Home DevOps Rolling Deployments Explained: Zero-Downtime Releases Done Right

Rolling Deployments Explained: Zero-Downtime Releases Done Right

In Plain English 🔥
Imagine a restaurant that wants to swap out every table with a fancier one. Instead of closing for the day, they replace one table at a time while customers keep eating. Some diners sit at the old tables, some at the new ones — but the restaurant never closes. That's a rolling deployment: you swap out old servers running old code for new ones, gradually, while real users keep getting served without ever seeing a 'down for maintenance' page.
⚡ Quick Answer
Imagine a restaurant that wants to swap out every table with a fancier one. Instead of closing for the day, they replace one table at a time while customers keep eating. Some diners sit at the old tables, some at the new ones — but the restaurant never closes. That's a rolling deployment: you swap out old servers running old code for new ones, gradually, while real users keep getting served without ever seeing a 'down for maintenance' page.

Every time your team ships a new feature, there's a moment of genuine terror — the deployment window. In the old days, that meant taking your entire app offline at 2am on a Sunday, praying nothing breaks, and issuing a public apology if it does. For teams deploying multiple times a day, that approach simply doesn't scale. It's not just inconvenient; it's a business risk that your competitors have already solved.

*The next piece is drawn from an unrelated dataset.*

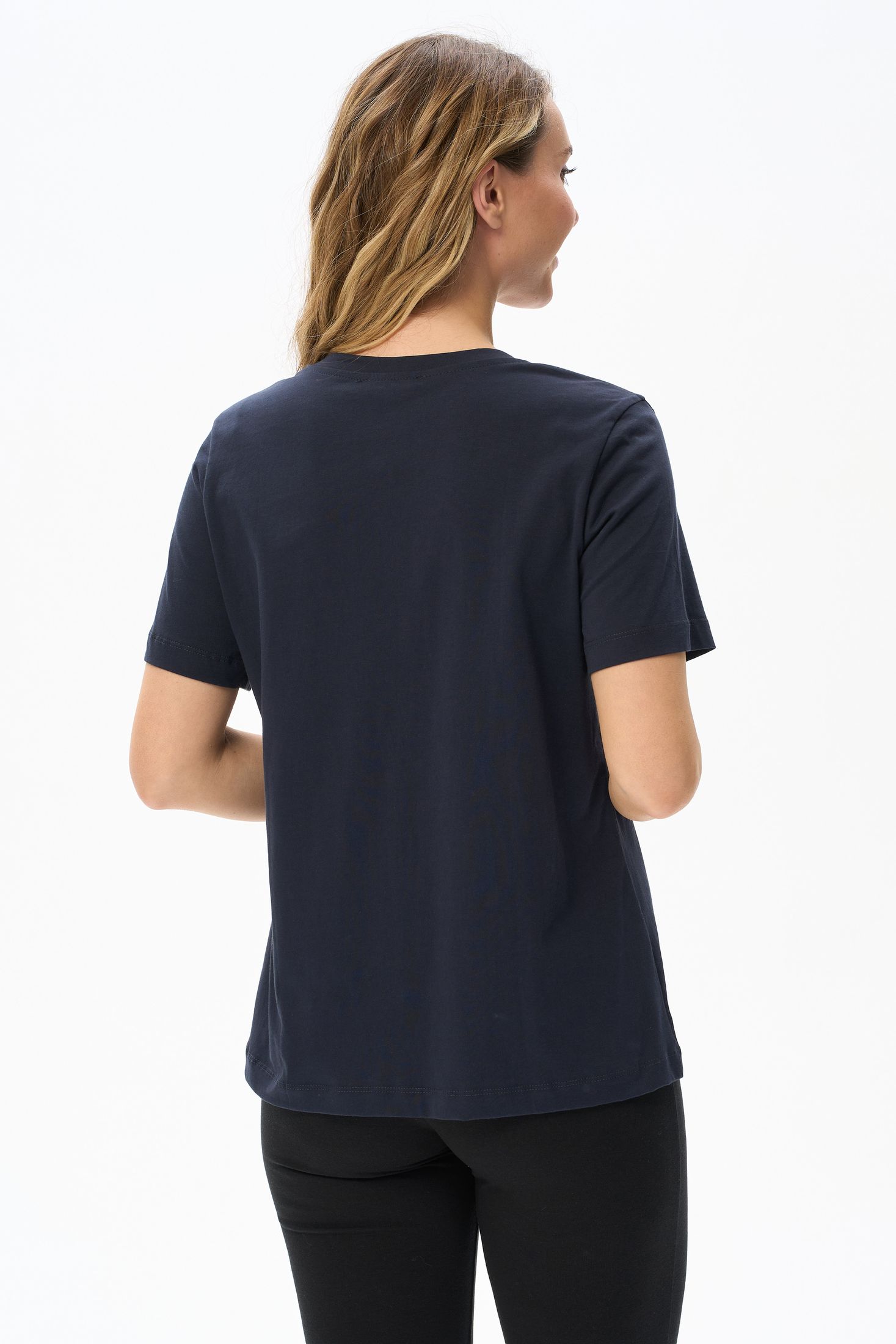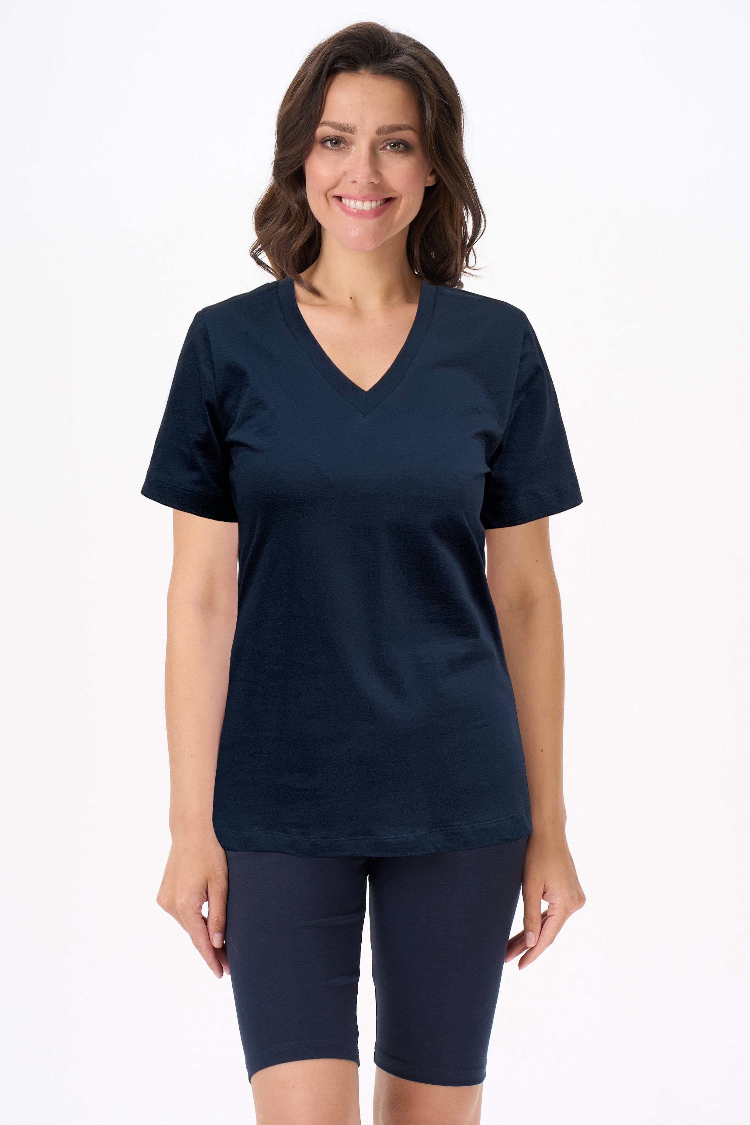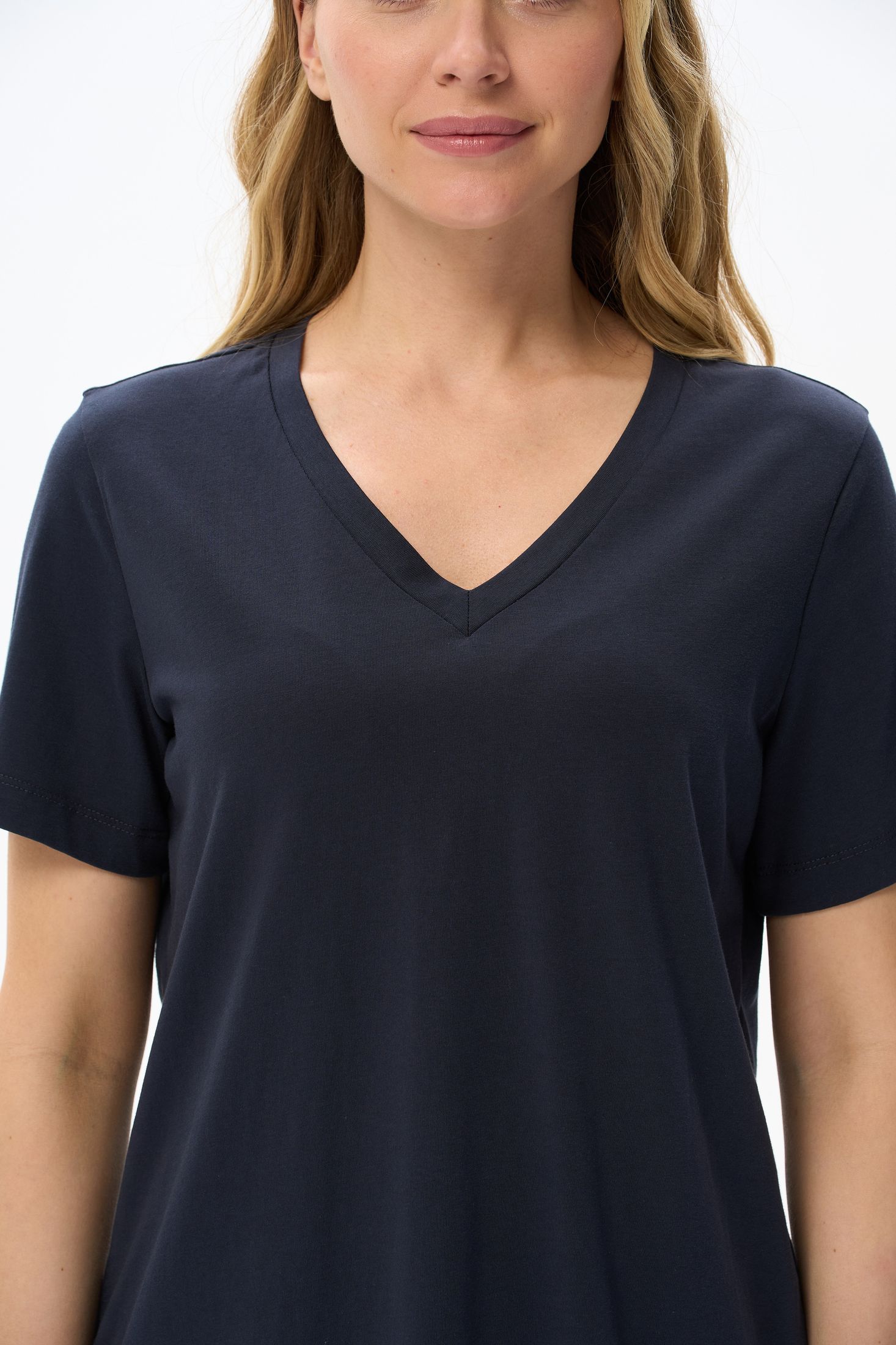 Описание: Футболка выполнена из хлопкового полотна. V-образный вырез горловины, короткие рукава. Рост модели на фото 170

Rolling deployments exist to eliminate that terror entirely. Instead of replacing your entire fleet of servers at once, you replace them in small batches. At any given moment, some instances are running the old version and some are running the new version. If something goes wrong with the new version, you've only exposed a fraction of your users to the problem — and you can halt the rollout immediately. The blast radius of a bad deploy shrinks from 'everyone is down' to 'a small percentage of requests hit the broken version for a few minutes'.

By the end of this article you'll understand exactly how a rolling deployment works under the hood, how to configure one in Kubernetes and a CI/CD pipeline, what makes them fail silently, and how to make yours bulletproof. You'll also be able to explain the trade-offs confidently in a system design interview — because rolling deployments come up constantly.

How a Rolling Deployment Actually Works Step by Step

A rolling deployment works by treating your server fleet like a queue. You decide on two numbers: the maximum number of instances you're willing to take offline at once (maxUnavailable) and the maximum number of extra instances you'll spin up during the transition (maxSurge). The deployment controller — whether that's Kubernetes, ECS, or a custom script — then orchestrates a loop.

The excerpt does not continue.